Joseph Murithi M’Mugaine v Mwarania Nkanata [2018] KEELC 634 (KLR)
Full Case Text
REPUBLIC OF KENYA
IN THE ENVIRONMENT AND LAND COURT AT MERU
ELC APPEAL NO. 56 OF 2012
JOSEPH MURITHI M’MUGAINE.................................APPELLANT
VERSUS
MWARANIA NKANATA..............................................RESPONDENT
JUDGMENT
(Being Appeal from the Ruling of Hon. NDUBI S.R.M Delivered on 6th June 2012 in C.M.C.C No. 16 of 2010 (Nkubu)
INTRODUCTION
This appeal arises from the judgment of the Senior Resident Magistrate Hon.
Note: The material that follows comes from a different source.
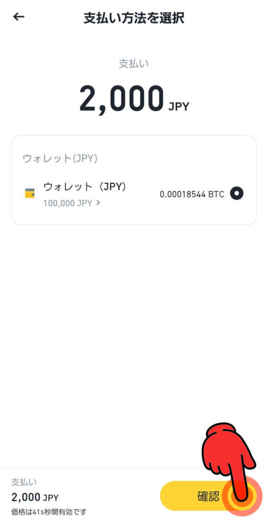 BTC 買い 支払い希望 数量 ⇋ の画面に替わります。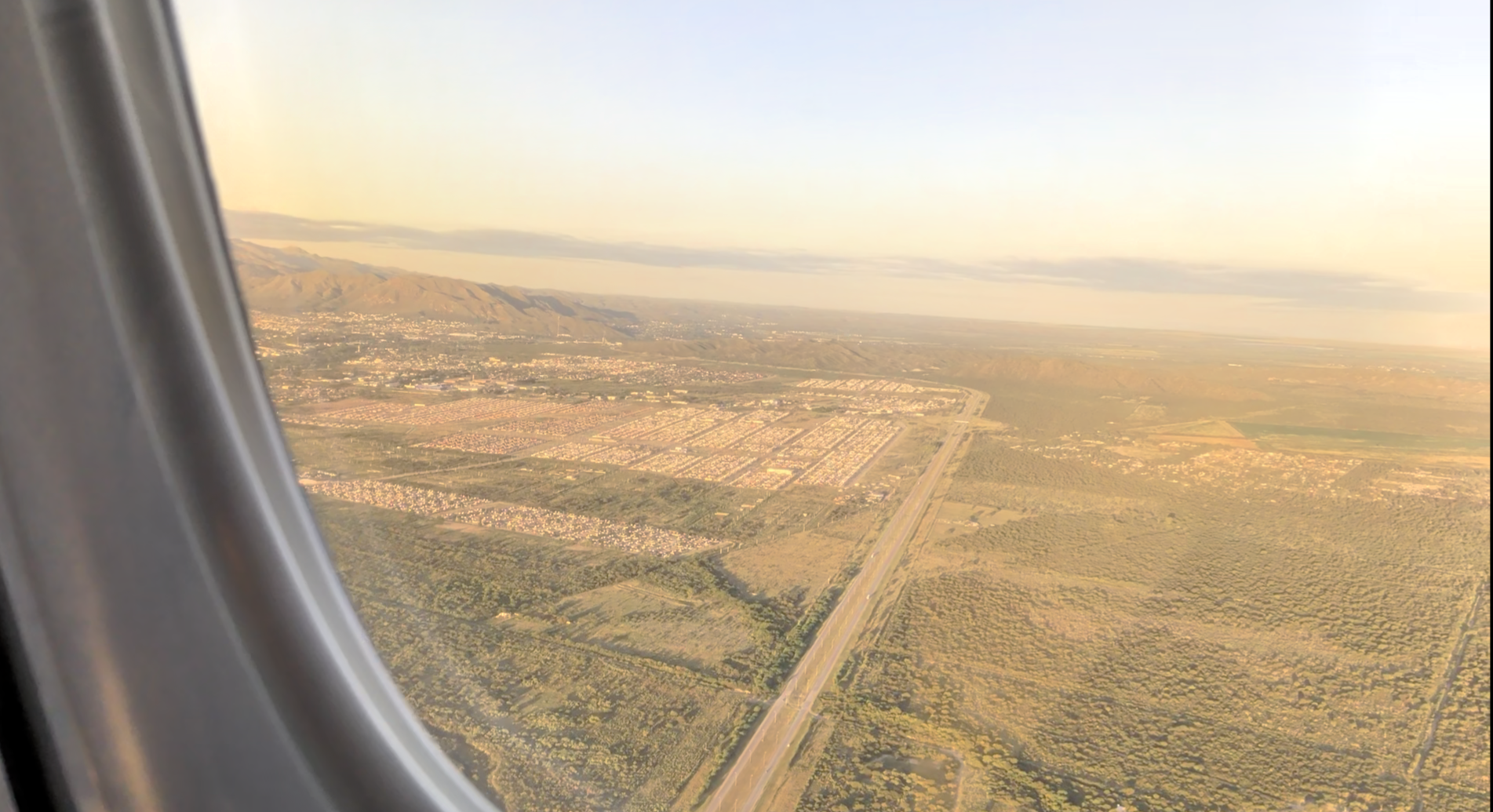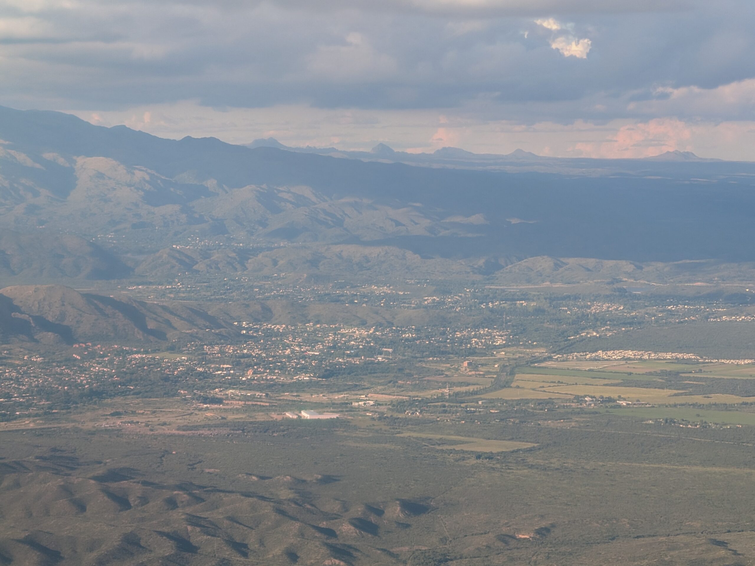 Et me voilà à l’aéroport avec mon comité de femmes accompagnantes, les mêmes qu’à l’arrivée. Embarquement et vue dégagée de San Luis au décollage. La Sierra, la ville, Juana Koslay, El Potrero, El Volcán, Villa de la Quebrada, La Punta tout y est. Même les Comechigones à l’horizon (une Sierra escarpée qui sépare la Province de San Luis de Córdoba.

Ndubi delivered on 6th June 2012. Being dissatisfied with the findings of the trial magistrate, the Appellant lodged an appeal citing the following grounds:
1. The learned magistrate erred in law and fact by allowing the lower Court suit against the weight of the evidence given.
2. The learned magistrate erred in law and fact in not finding that the respondent case could not have succeeded without enforcing the District Land Registrar concerned as 2nd defendant.
3. The learned magistrate erred in law and fact in not finding that no fraud was proved.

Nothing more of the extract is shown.